## Problem requirements
The records below need to be repeated exactly, with every picture left out.

## Stored items
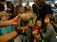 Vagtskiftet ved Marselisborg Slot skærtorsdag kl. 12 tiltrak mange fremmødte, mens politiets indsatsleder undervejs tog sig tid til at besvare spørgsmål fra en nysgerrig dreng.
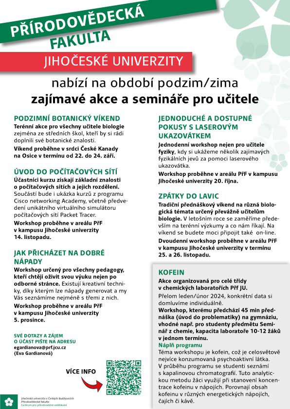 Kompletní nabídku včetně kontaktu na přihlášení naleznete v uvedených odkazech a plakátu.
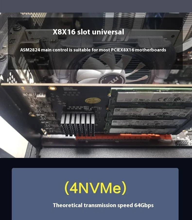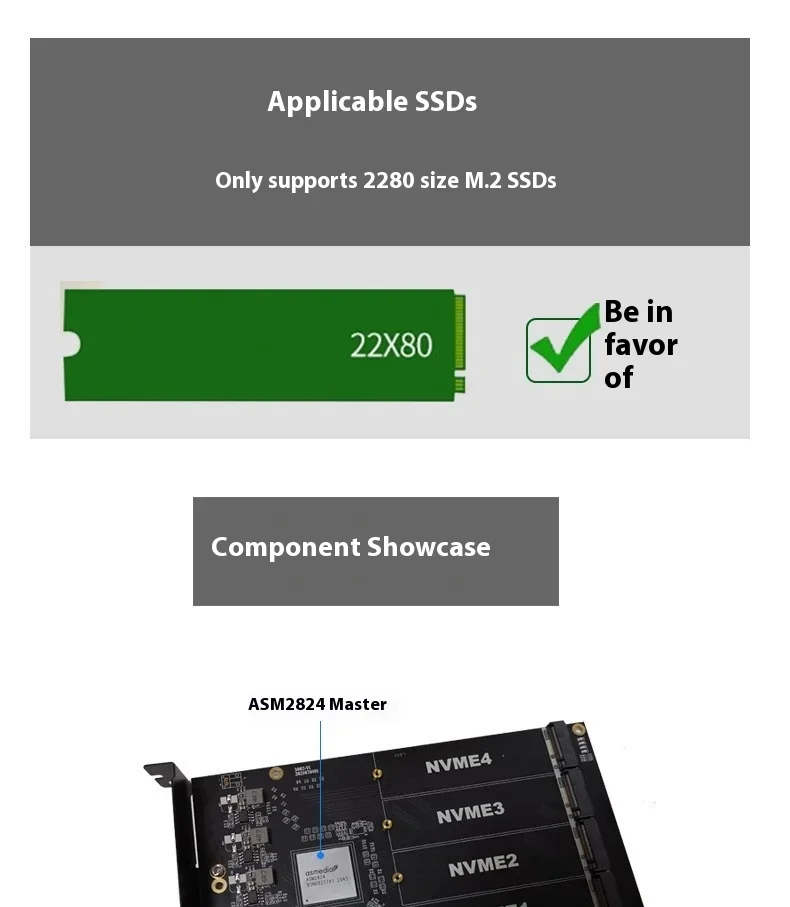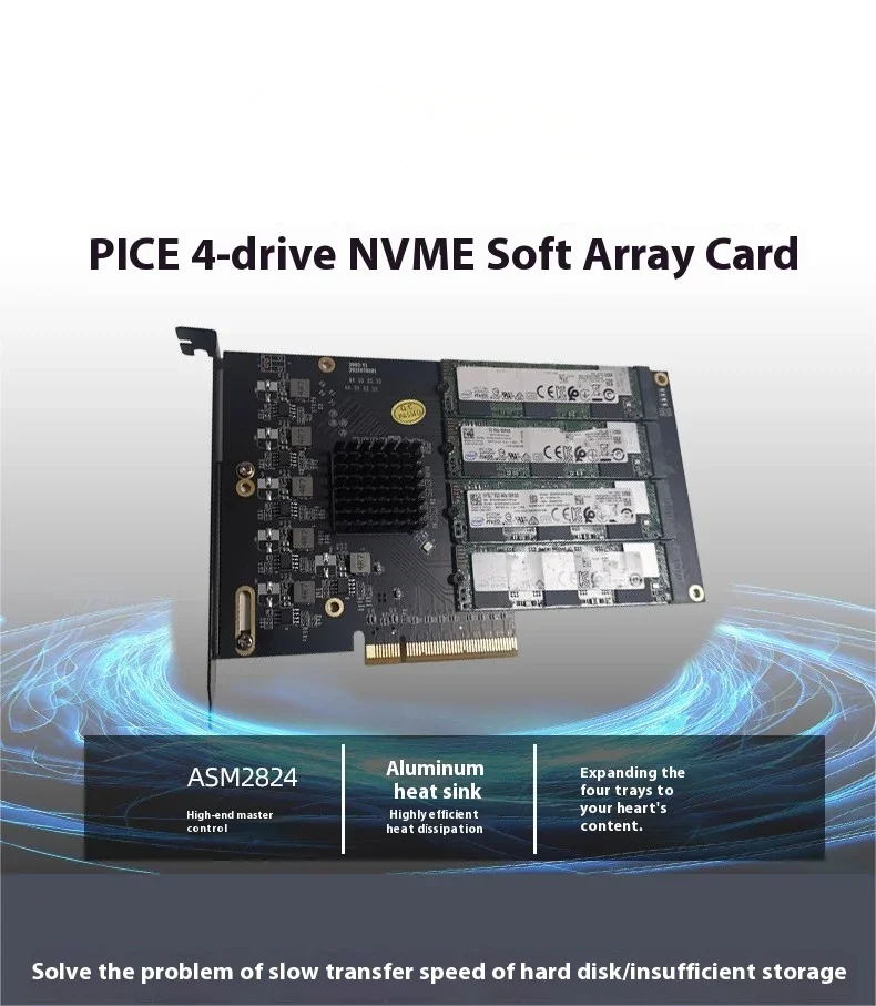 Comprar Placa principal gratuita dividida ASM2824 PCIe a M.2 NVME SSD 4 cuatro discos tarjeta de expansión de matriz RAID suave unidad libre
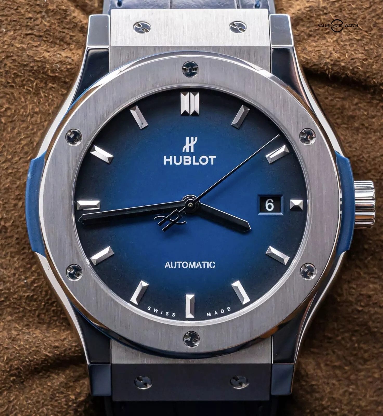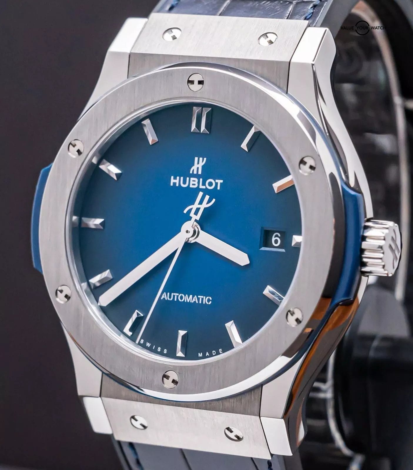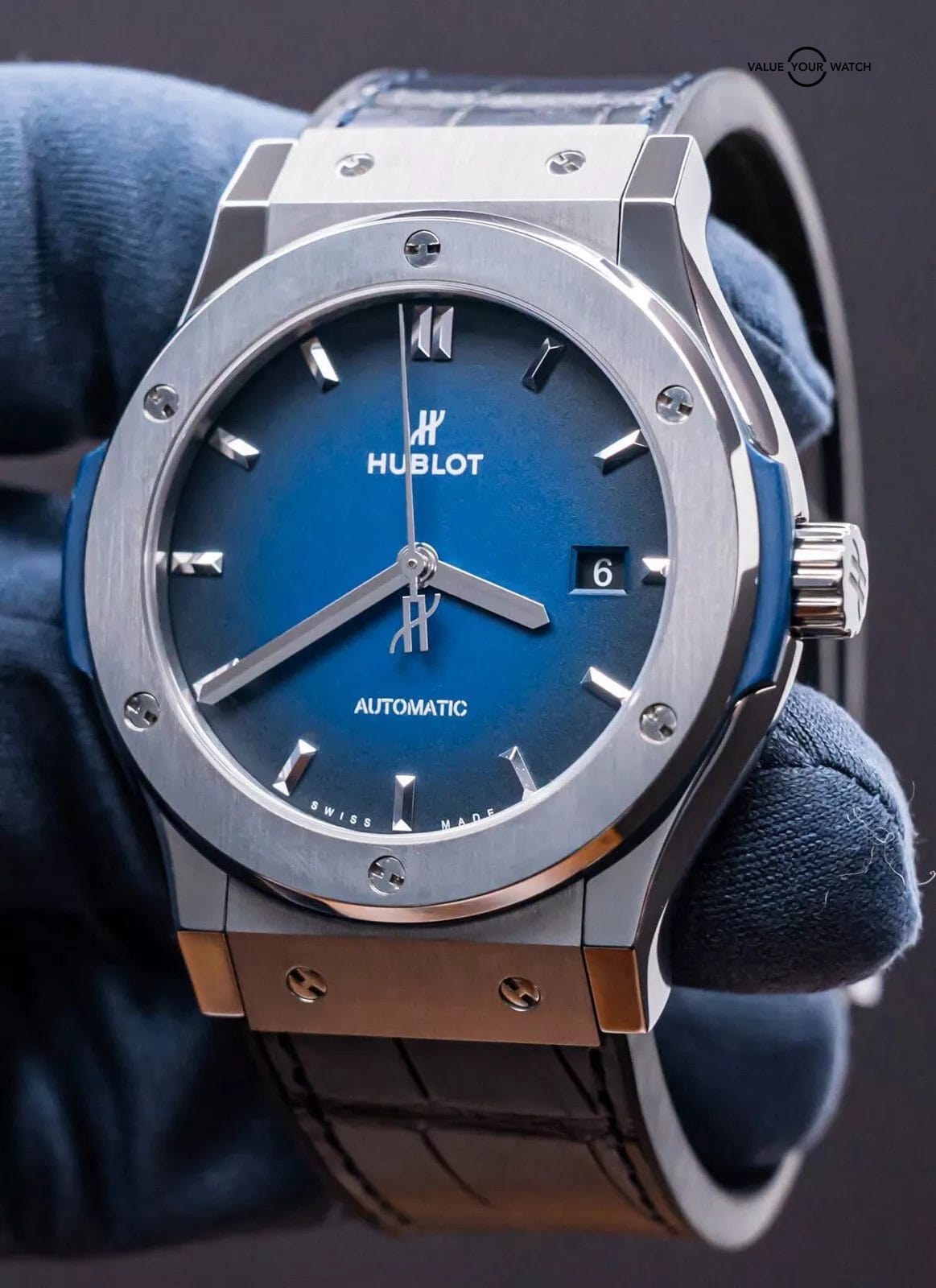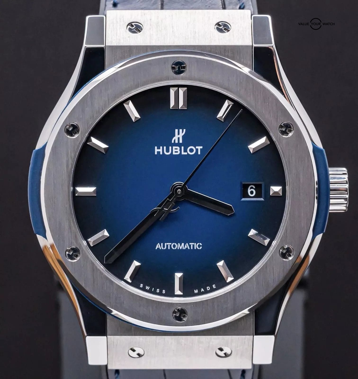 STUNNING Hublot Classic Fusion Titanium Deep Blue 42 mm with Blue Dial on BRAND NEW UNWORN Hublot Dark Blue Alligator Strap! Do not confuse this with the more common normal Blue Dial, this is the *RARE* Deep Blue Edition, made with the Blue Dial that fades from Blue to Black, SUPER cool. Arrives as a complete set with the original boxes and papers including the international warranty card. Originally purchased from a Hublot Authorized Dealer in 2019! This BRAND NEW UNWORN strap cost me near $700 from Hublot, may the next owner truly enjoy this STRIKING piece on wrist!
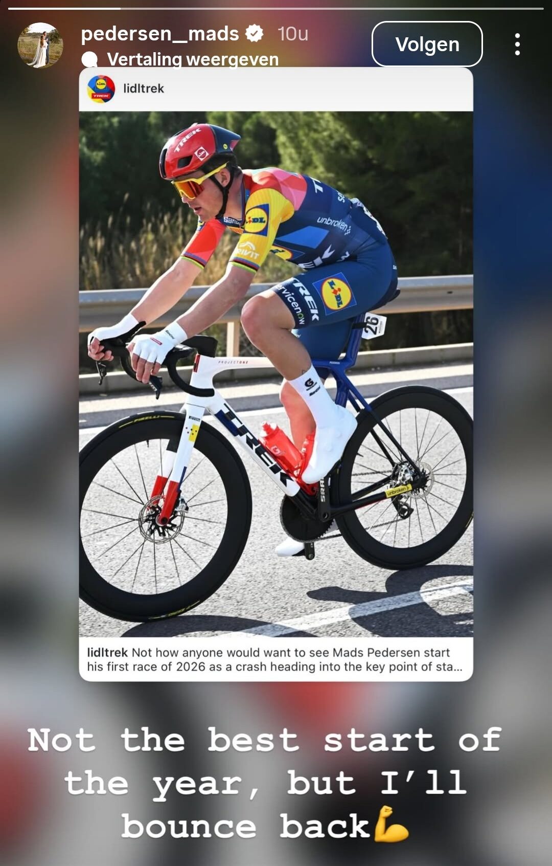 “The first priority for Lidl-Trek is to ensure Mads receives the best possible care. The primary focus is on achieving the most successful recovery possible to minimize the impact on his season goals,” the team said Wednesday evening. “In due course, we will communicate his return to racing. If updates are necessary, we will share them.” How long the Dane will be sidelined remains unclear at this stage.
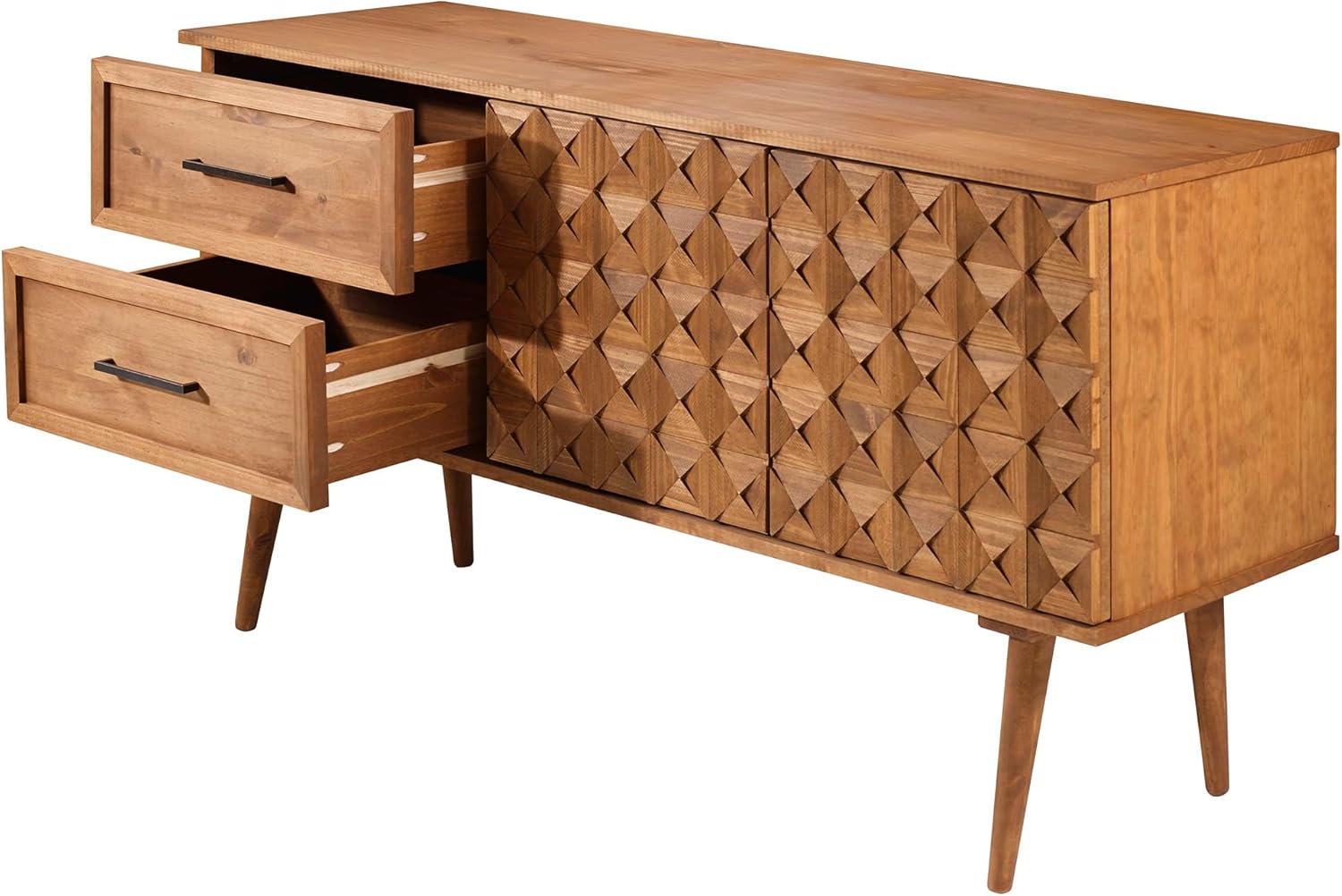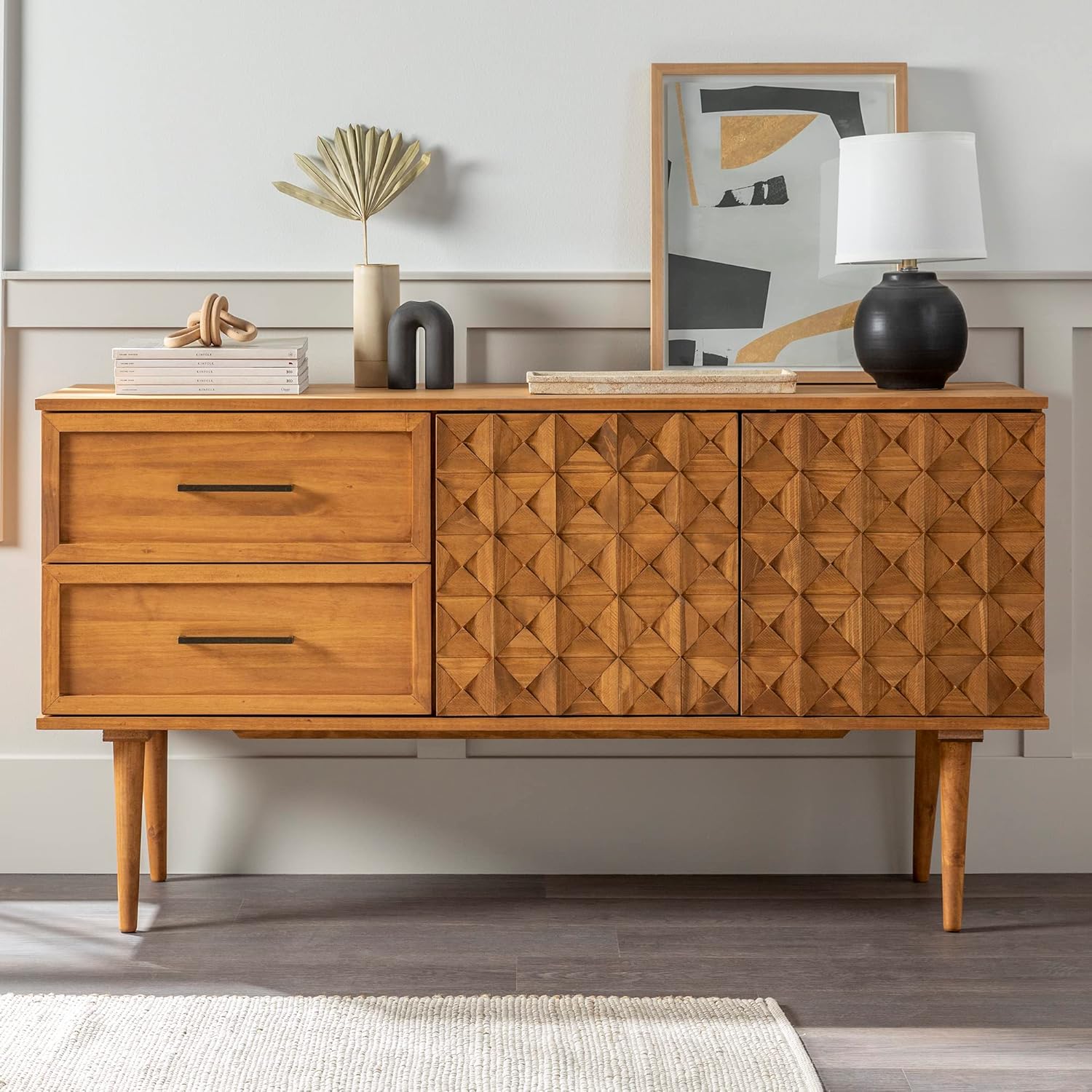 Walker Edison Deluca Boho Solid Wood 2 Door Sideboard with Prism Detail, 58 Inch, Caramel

## Result of the exercise
 Vagtskiftet ved Marselisborg Slot skærtorsdag kl. 12 tiltrak mange fremmødte, mens politiets indsatsleder undervejs tog sig tid til at besvare spørgsmål fra en nysgerrig dreng.
 Kompletní nabídku včetně kontaktu na přihlášení naleznete v uvedených odkazech a plakátu.
 Comprar Placa principal gratuita dividida ASM2824 PCIe a M.2 NVME SSD 4 cuatro discos tarjeta de expansión de matriz RAID suave unidad libre
 STUNNING Hublot Classic Fusion Titanium Deep Blue 42 mm with Blue Dial on BRAND NEW UNWORN Hublot Dark Blue Alligator Strap! Do not confuse this with the more common normal Blue Dial, this is the *RARE* Deep Blue Edition, made with the Blue Dial that fades from Blue to Black, SUPER cool. Arrives as a complete set with the original boxes and papers including the international warranty card. Originally purchased from a Hublot Authorized Dealer in 2019! This BRAND NEW UNWORN strap cost me near $700 from Hublot, may the next owner truly enjoy this STRIKING piece on wrist!
 “The first priority for Lidl-Trek is to ensure Mads receives the best possible care. The primary focus is on achieving the most successful recovery possible to minimize the impact on his season goals,” the team said Wednesday evening. “In due course, we will communicate his return to racing. If updates are necessary, we will share them.” How long the Dane will be sidelined remains unclear at this stage.
 Walker Edison Deluca Boho Solid Wood 2 Door Sideboard with Prism Detail, 58 Inch, Caramel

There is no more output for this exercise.